Jc01 the coroner, p.3
JC01 The Coroner, page 3
'Three weeks?'
'We are talking about the National Health Service.'
Alison's phone rang. 'Excuse me.' She fished it out of her pocket and answered. 'Coroner's officer . . . Hello, Mr Kelso ... I see ... Of course. I'll let Mrs Cooper know straight away . . . Yes, she's just started. Will do.' She rang off and turned to Jenny. 'That was an A&E consultant from the Vale. Fifty-four-year-old homeless man dead on admission. Suspected liver failure. Post-mortem this afternoon.'
'And a report next month?'
'I'll give you the morgue's number if you like. You can give them a ring and introduce yourself.'
She reached for a scrap of paper and wrote down a Bristol number. 'That'll get you through to Dr Peterson's answer- phone - the consultant pathologist. He's usually pretty good at calling back.'
Jenny glanced again at the file and felt an uneasy stirring in the pit of her stomach. Whatever Marshall's motives may have been, his handling of the case was negligent at best and it was her responsibility to clear up his mess.
'No, I think I'd better pay him a personal visit, see if we can't speed things up a bit.'
'You can try,' Alison said. 'Do you still want the coffee?'
Jenny got up from her chair and grabbed her handbag. 'I'll wait till I get back.'
'Have you been to a mortuary before?'
'No.'
'Just to warn you - it might be a bit of a shock. Wild horses wouldn't drag Mr Marshall down there.'
Alison waited until she heard Jenny's footsteps disappear through the front door of the building, then sat quietly at her desk for a long moment before reaching into her briefcase and drawing out a thick, bound document.
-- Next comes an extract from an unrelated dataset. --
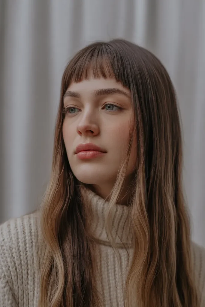 Long hair paired with micro bangs creates a striking and artistic contrast. The short bangs draw attention to the eyes, while the flowing length adds balance and softness.

She turned through its pages, her eyes flicking anxiously towards the door as if fearing that at any moment she might be seen. At the sound of voices on the stairs she hurriedly closed it again and returned it to her case. Long after the voices had gone she remained in her chair, staring across reception into the office where Harry Marshall should have been, her eyes burning with tears that refused to come.
* * *
CHAPTER THREE
Jenny sipped the warm dregs of her Diet Sprite, one hand on the wheel, as she drove the four miles to the hospital in slow-moving traffic. Edging through road works at walking pace, sandwiched between a truck belching fumes and an impatient Mercedes, she felt her heartbeat begin to pick up, a tightness in her chest, her 'free-floating anxiety' as Dr Travis, her previous psychiatrist, had termed it, close to the surface.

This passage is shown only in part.